I don't think of the government that way, and I think the long tradition of U.S. Constitutional law is generally with me on that. The power of the government is a large and a dangerous thing. It is to be used only when absolutely necessary, and only to the minimal extent necessary to fulfill the urgent need.

Police may not bug all telephones not because individual policeman are bad (the vast majority are good, although some would certainly abuse it), but because government as a whole should not be given such intrusive powers.

Computers should not be hardwired to obey the instructions of copyright owners not (not only) because those instructions would be abused to rip off the consumer (and you know they would), but because it is not the case that every atom should be an arm of the State.

Clearly universal surveillance would be a bad thing, because the people watching would eventually be corrupted by the power, and abuse it, and have to be removed or overthrown. I think that's generally acknowledged.

What's perhaps less obvious is that even if the watchers were angels who would never abuse their power, universal surveillance would still be a bad thing, and universal constraints on the behavior of private devices would still be a bad thing, because the State is not the most important sphere of life. People's lives belong to them, and people's stuff belongs to them, and the State can intervene to limit people's power over their stuff and their lives only in the very rare instances where there's an overriding and immediate danger.

Not to mention, of course, that it's not the will of the people we're talking about here; it's the will of Disney.
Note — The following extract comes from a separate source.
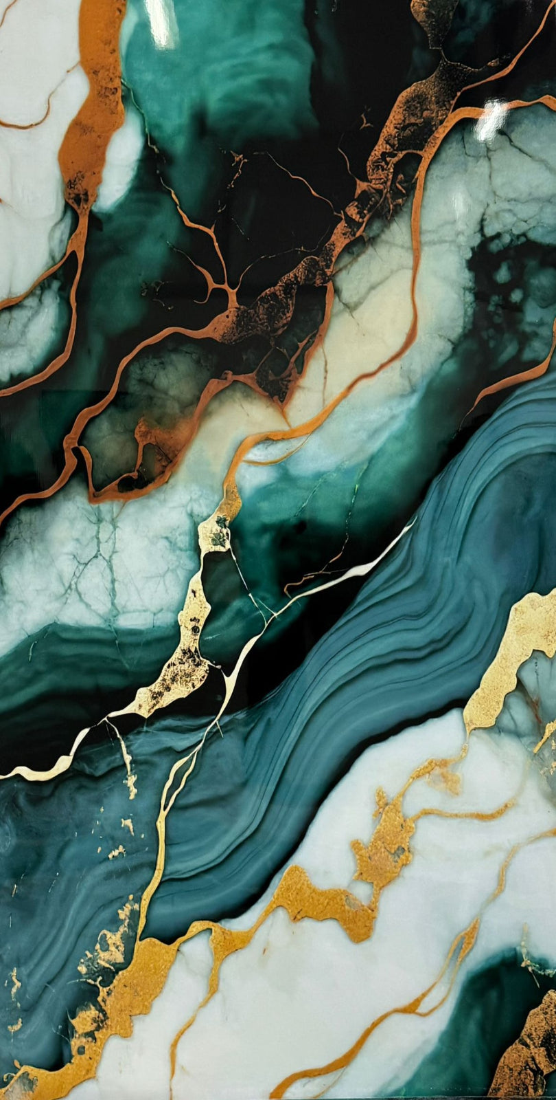 - Dekor: Abstrakte Marmoroptik in Smaragd-/Petrol-, Schwarz- und Weiss-/Cremetönen mit gold- und kupferfarbenen Adern

Copyright is granted by the Constitution to authors (not, you will note, to media conglomerates) for limited times, and only in order to promote the progress of science and useful arts, not to enable Disney to keep making money from Mickey Mouse forever and ever without doing any extra creative work.
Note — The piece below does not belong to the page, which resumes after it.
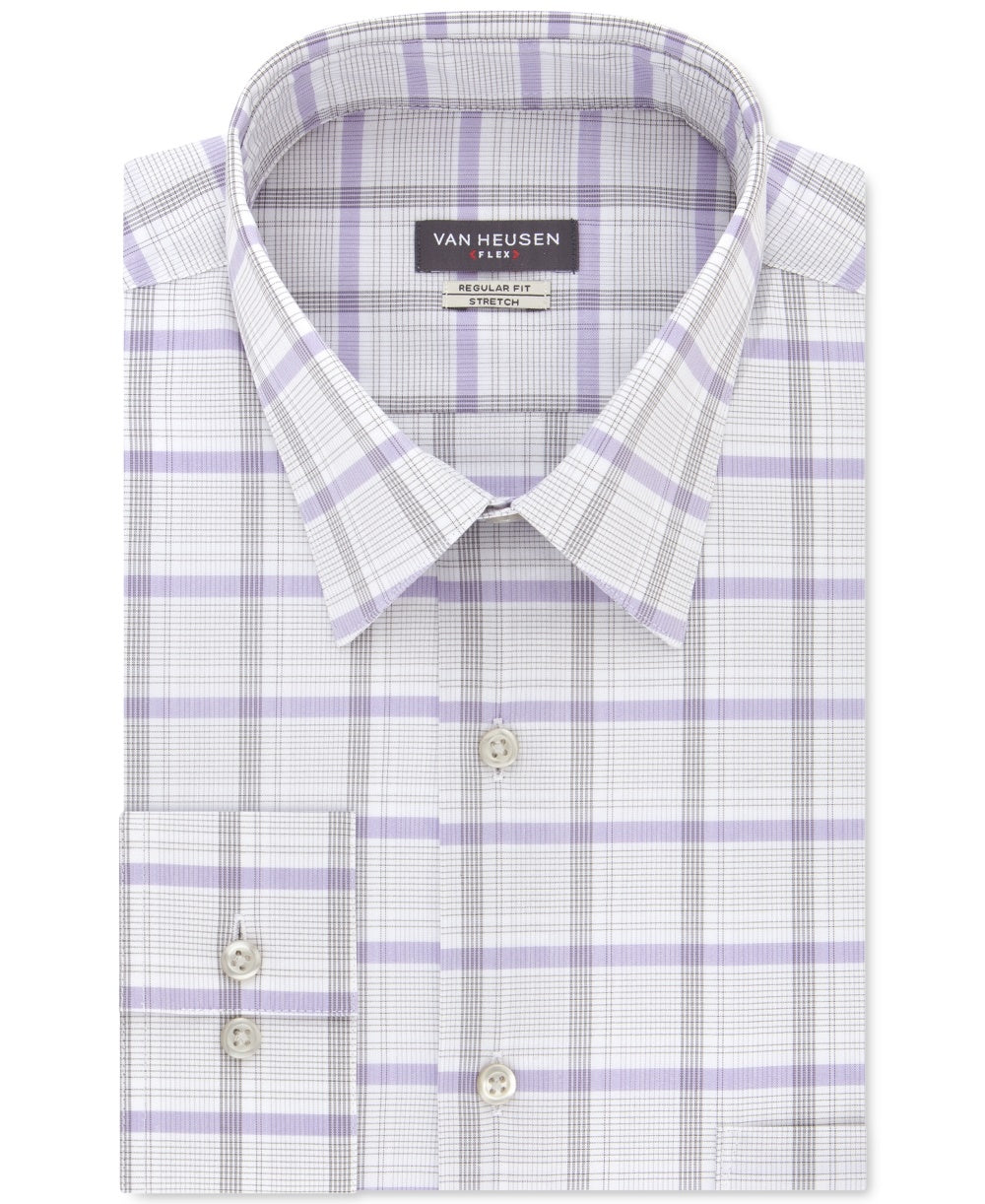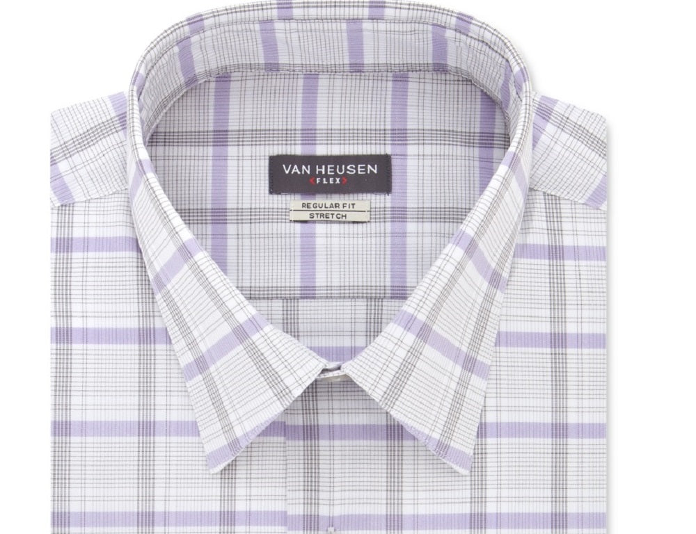 Van Heusen Men's Classic/Regular-Fit Wrinkle-Free Performance Stretch Flex Collar Check Dress Shirt Gray Size 18X36-37

So I'm not against copyrights, in their place; but that doesn't mean I'm willing to have every digital device that I own controlled by the government. I'm not opposed to laws against murder, but that doesn't mean I'm willing to have a policeman follow me around everywhere to ensure that I don't kill anybody.

Whew! End of rant... *8)


While combing through the referer logs to find the backlinks above, I found some other gratifying stuff as well: Hostile dot org linking to our remarks on Mr. Fukuyama, The Other Side linking to our poll on default assedness (of which I will no doubt eventually announce the results), and even a Usenet posting of a clever joke we made about virus hoaxes.
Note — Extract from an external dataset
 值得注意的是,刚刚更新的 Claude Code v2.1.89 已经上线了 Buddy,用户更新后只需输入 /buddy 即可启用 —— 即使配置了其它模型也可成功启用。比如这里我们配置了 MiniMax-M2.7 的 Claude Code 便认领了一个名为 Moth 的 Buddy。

Gosh, this stuff is good for our ego!

The mention of Mr. Fukuyama somehow reminds me of another addition to our two lists of why various things are bad. Why should you oppose genetically altered foods? Four words: "Giant Radioactive Brussel Sprouts".

A new meme! What's better? The overall consensus is at once frightening, funny, sad, and comforting.

NTK points out that this guy who loves spam somehow neglected to include his email address in the article, but that it's "BDennis410@AOL.com". So if anyone wanted to do this guy a favor, they might consider arranging for "BDennis410@AOL.com" to get more of what he loves. Without, of course, violating any laws.

Also from NTK: I'm sure this is in just awful taste, but I can't quite pin it down: "It's believed that Skywalker was specifically trained by infamous terrorist O bin Wankanobi".

And finally from NTK, two interesting geeks talking about the interestingly geeky O'Reilly Emerging Technology Conference.

Harry Potter and the Cup o' Hot Stuff.

And finally, how do you tell when an Internet registrar has gone mad with arrogance? When they start giving every document its own domain name. Can you spell "clueless"?